Edisi 41 > 21/11/2001
OTONOMI WATCH

Paradigma Pendidikan

Setiap hari kita duduk di ruang kuliah mendengarkan dosen berbicara berharap mendapat ilmu baru. Dosen masih dianggap sebagai mahaguru yang tahu segalanya dan secara tidak sadar kemudian mahasiswa memposisikan diri sebagai objek yang tidak tahu apa-apa. Sebelum melangkah lebih jauh, ada baiknya dilakukan pemikiran ulang paradigma pendidikan yang kita anut sekarang ini.

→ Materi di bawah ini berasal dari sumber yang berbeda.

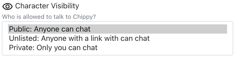 This setting controls who will be able to chat with your Character. You may want to set this to Unlisted or Private while you are developing the Character, then switch it to Public when you're done.

Secara garis besar ada tiga paradigma yang mempengaruhi proses pendidikan di Indonesia. Paradigma pertama dikenal dengan paradigma konservatif. Paradigma ini menganut paham bahwa segala sesuatu telah diatur yang maha kuasa. Dengan kata lain, perubahan sosial bukanlah sesuatu yang harus diperjuangkan. Karena itu kaum konsevatif menganggap rakyat tidak mempunyai kekuatan untuk melakukan perubahan terhadap kondisi mereka.
Paradigma berikutnya adalah paradigma liberal. Paradigma yang sedang gencar tumbuh di UGM ini berkembang seiring dengan arus modal dan kelompok yang diuntungkan dengan kapitalisme. Bagi mereka pendidikan tidak ada sangkut pautnya dengan persoalan sosial politik. Tugas pendidikan menurut paradigma ini hanyalah untuk menyiapkan orang untuk masuk ke dalam sistem yang sudah ada.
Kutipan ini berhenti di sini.